Er ist sehr bescheiden, der Mann, der alles in die Wege leitete: Er heißt Bernhard Scheer und ist Studierender im zweiten Semester des Bachelor-Studiengangs Unternehmensführung. Und er ist einer, der es wirklich wissen will, denn er studiert berufsbegleitend. Auf die Frage, wie das mit der Spende von über 600 Euro an die Ö3-Weihnachtswunder-Aktion begann, sagt er: „Ja stimmt, den ersten Anstoß für diese Aktion habe ich gegeben, aber ich will hier wirklich unseren ganzen Jahrgang von 49 Studierenden vor den Vorhang holen, weil so viele Kolleginnen und Kollegen gleich ohne zu zögern dabei waren und die Aktion, genauso wie unsere Studiengangsleitung, sofort unterstützt haben.

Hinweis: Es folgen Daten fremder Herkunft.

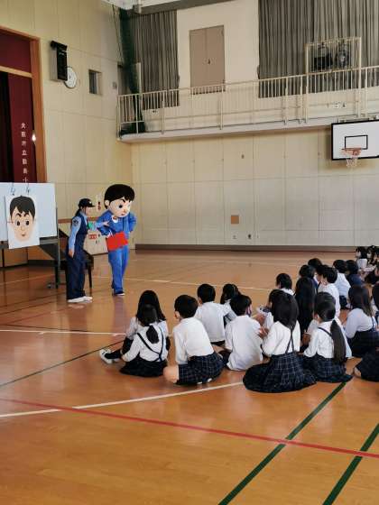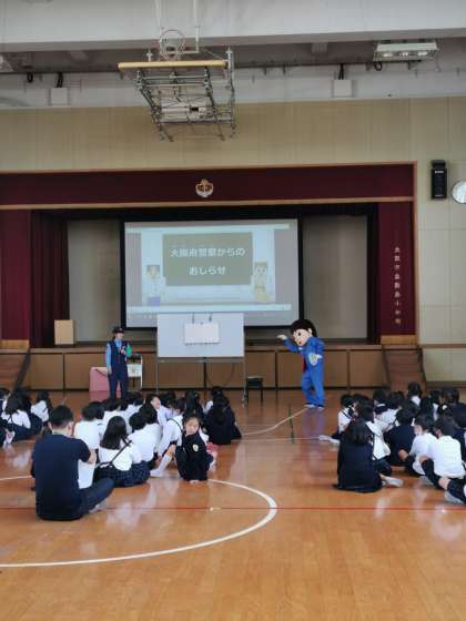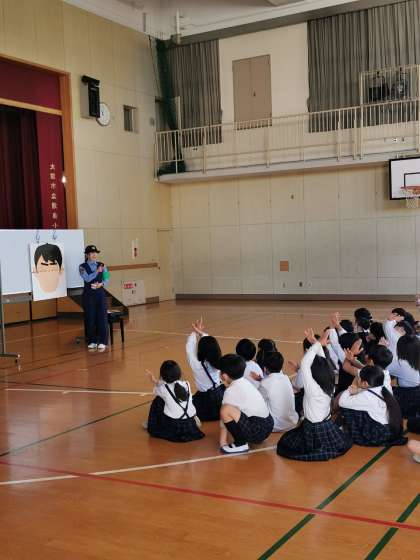 3時間目、1年生から3年生は防犯教室で学習しました。不審者のこと、不審者に声をかけられたときどうすればいいかなど、普段気をつけるべきことを大阪府警の方に教えていただきました。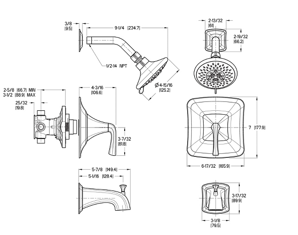 | Dimensions (reference) | See diagram; shower arm 9-1/4 in; trim plate approx. 6-17/32 in square; spout 5-7/8 in length |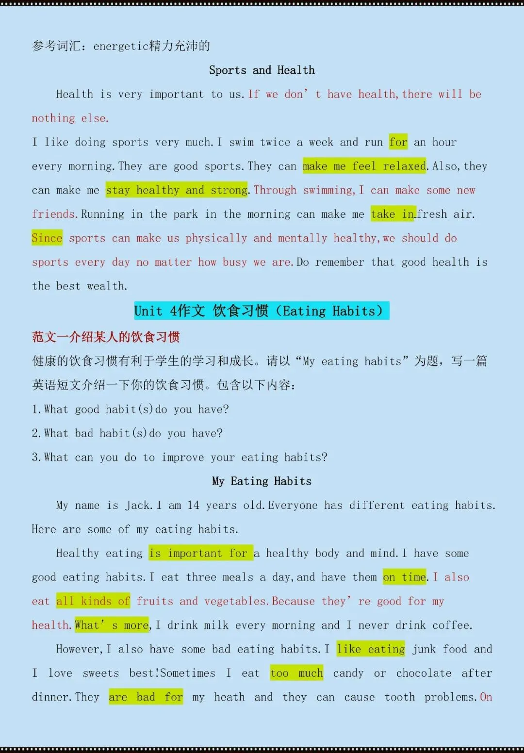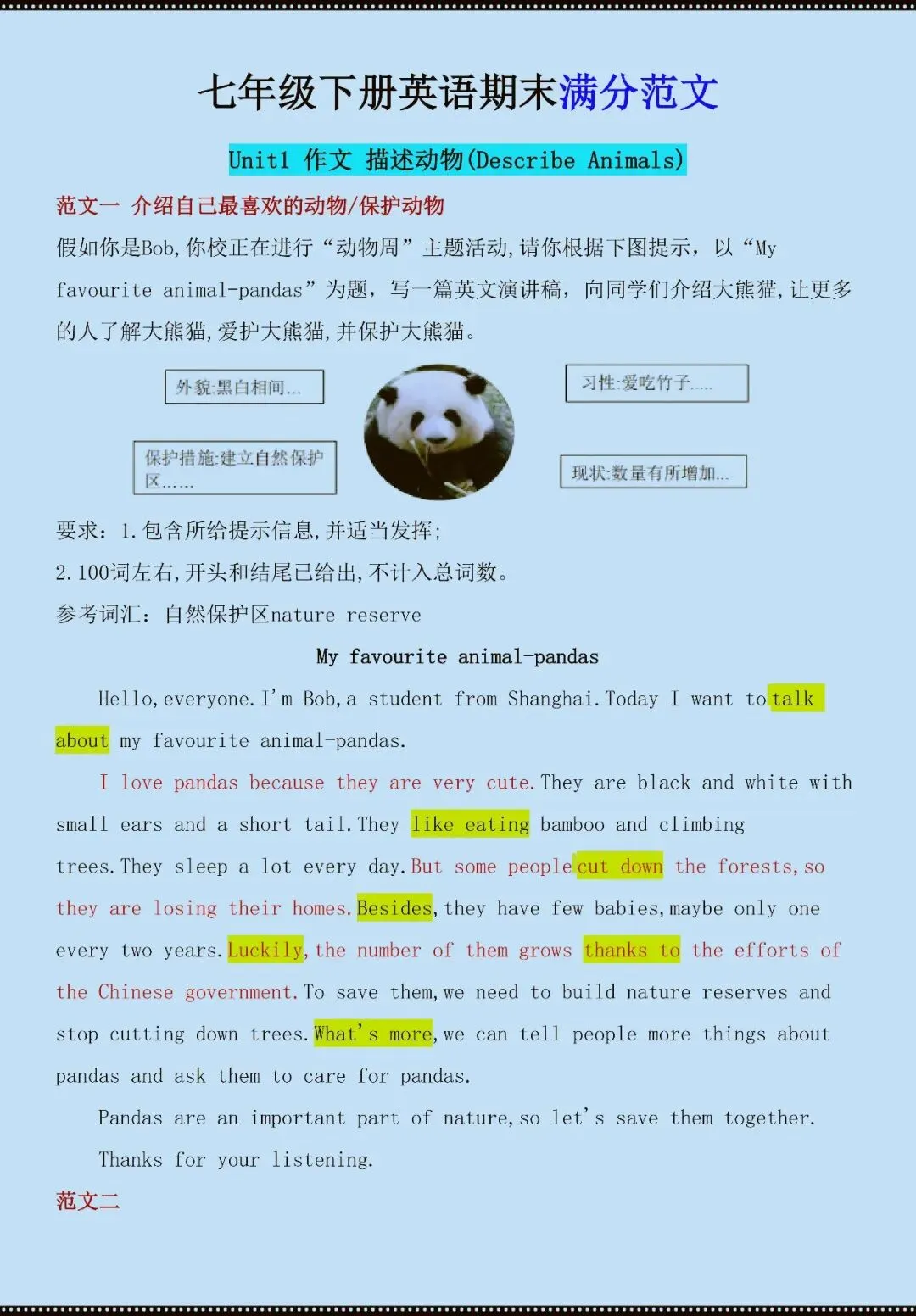 今天老师给大家整理了:七年级下册英语期末满分范文(电子版可打印)

Ich habe mich für das Ö3-Weihnachtswunder entschieden, weil ich diese Aktion sehr großartig finde und ich der Meinung bin, dass eigentlich alle, die mit mir studieren, sehr privilegiert sind und wir uns zusätzliche Bildung so „einfach“ leisten können. Es gibt Familien, die nicht so viele Möglichkeiten wie wir haben.“
Scheer erzählt weiter: „Wir haben dann das Geld gesammelt und ich habe es überwiesen und vermerkt, dass wir es sehr cool finden würden, wenn Robert Kratky einmal als Gastlektor vorbeikommen würde, weil wir in Sachen Präsentation und Rhetorik sicher noch einiges von ihm lernen können. Ich war sehr überrascht, als sich eine nette Dame aus der Redaktion gemeldet hat und fragte, ob es für mich okay wäre, wenn Robert, Gabi und Andi mich anrufen und mit mir über unsere Spende reden würden – ich habe diesen Vorschlag ganz witzig gefunden und ich fand es auch eine gute Werbung für unsere FH.“

Über Bernhard Scheer

Bernhard Scheer ist 31 Jahre alt und kommt aus der schönen Weinstadt Retz. Seit Jahresbeginn wohnt er aber in Krems. Vor dem Studium hat er eine Lehre als Großhandelskaufmann abgeschlossen und danach über 10 Jahre als Automobilkaufmann im Autohaus Waldviertel gearbeitet. Dort hat er 2012 als Jungverkäufer für die Marke Volkswagen begonnen und nach vielen positiven Entwicklungen durfte er 2015 den wichtigen Bereich Elektromobilität übernehmen und seine ersten Erfahrungen in einer Führungsposition machen. Ab 2019 übernahm er dann die komplette Volkswagen-Abteilung als Markenleiter.

Warum gerade Unternehmensführung?

„Für mich kam nur das Studium Unternehmensführung in Frage, weil ich mich im Führungs- und Managementbereich weiterentwickeln möchte und mir gleichzeitig die Mischung aus Management und IT großen Spaß macht und mich sehr interessiert. Bis jetzt habe ich meine Entscheidung noch keinen Tag bereut. Mit Februar 2022 habe ich mich auch für eine neue Aufgabe entschieden. Ich bin jetzt im Autohaus Birngruber in Krems als Key Account Manager für Flotten- und Großkunden zuständig und habe zusätzlich das Buddy Carsharing Projekt als Projektleiter übernommen. Jetzt kann ich mich einerseits im Verkauf weiterentwickeln und andererseits auch Erfahrungen bei einem eigenen Projekt sammeln“, berichtet der engagierte Neo-Kremser.